_RECORDS SUPPLIED_
◆ ◆ ◆ ◆ ◆
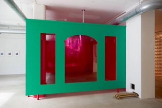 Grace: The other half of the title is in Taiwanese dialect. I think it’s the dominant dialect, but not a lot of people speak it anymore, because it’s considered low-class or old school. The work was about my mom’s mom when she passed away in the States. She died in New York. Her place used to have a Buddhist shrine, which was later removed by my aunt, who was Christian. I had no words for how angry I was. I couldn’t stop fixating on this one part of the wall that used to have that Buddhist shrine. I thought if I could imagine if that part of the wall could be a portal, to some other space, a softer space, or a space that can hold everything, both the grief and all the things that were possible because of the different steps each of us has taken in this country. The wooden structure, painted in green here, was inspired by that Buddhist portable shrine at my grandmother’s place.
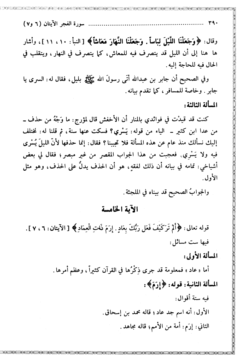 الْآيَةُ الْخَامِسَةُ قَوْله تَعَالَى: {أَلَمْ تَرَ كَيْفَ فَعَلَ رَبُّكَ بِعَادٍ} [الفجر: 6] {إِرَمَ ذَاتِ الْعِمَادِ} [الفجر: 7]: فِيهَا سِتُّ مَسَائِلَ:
◆ ◆ ◆ ◆ ◆
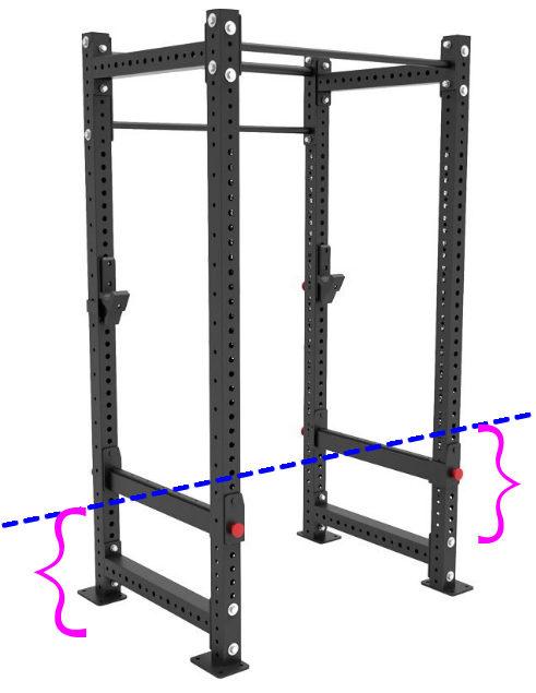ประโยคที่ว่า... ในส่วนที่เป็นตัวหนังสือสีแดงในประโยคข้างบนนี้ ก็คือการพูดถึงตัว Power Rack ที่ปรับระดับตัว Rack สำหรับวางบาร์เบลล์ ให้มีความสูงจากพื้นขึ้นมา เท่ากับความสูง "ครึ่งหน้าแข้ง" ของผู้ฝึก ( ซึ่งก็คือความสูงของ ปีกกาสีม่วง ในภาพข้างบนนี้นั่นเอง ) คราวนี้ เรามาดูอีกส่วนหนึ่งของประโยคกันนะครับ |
◆ ◆ ◆ ◆ ◆
_WORK TO COMPLETE_
Pictures excluded, give again exactly and only the lines of the material above from the line with "Grace: The other" through the line with "الْآيَةُ الْخَامِسَةُ قَوْله".

_ANSWER TO THE PROBLEM_
 Grace: The other half of the title is in Taiwanese dialect. I think it’s the dominant dialect, but not a lot of people speak it anymore, because it’s considered low-class or old school. The work was about my mom’s mom when she passed away in the States. She died in New York. Her place used to have a Buddhist shrine, which was later removed by my aunt, who was Christian. I had no words for how angry I was. I couldn’t stop fixating on this one part of the wall that used to have that Buddhist shrine. I thought if I could imagine if that part of the wall could be a portal, to some other space, a softer space, or a space that can hold everything, both the grief and all the things that were possible because of the different steps each of us has taken in this country. The wooden structure, painted in green here, was inspired by that Buddhist portable shrine at my grandmother’s place.
 الْآيَةُ الْخَامِسَةُ قَوْله تَعَالَى: {أَلَمْ تَرَ كَيْفَ فَعَلَ رَبُّكَ بِعَادٍ} [الفجر: 6] {إِرَمَ ذَاتِ الْعِمَادِ} [الفجر: 7]: فِيهَا سِتُّ مَسَائِلَ:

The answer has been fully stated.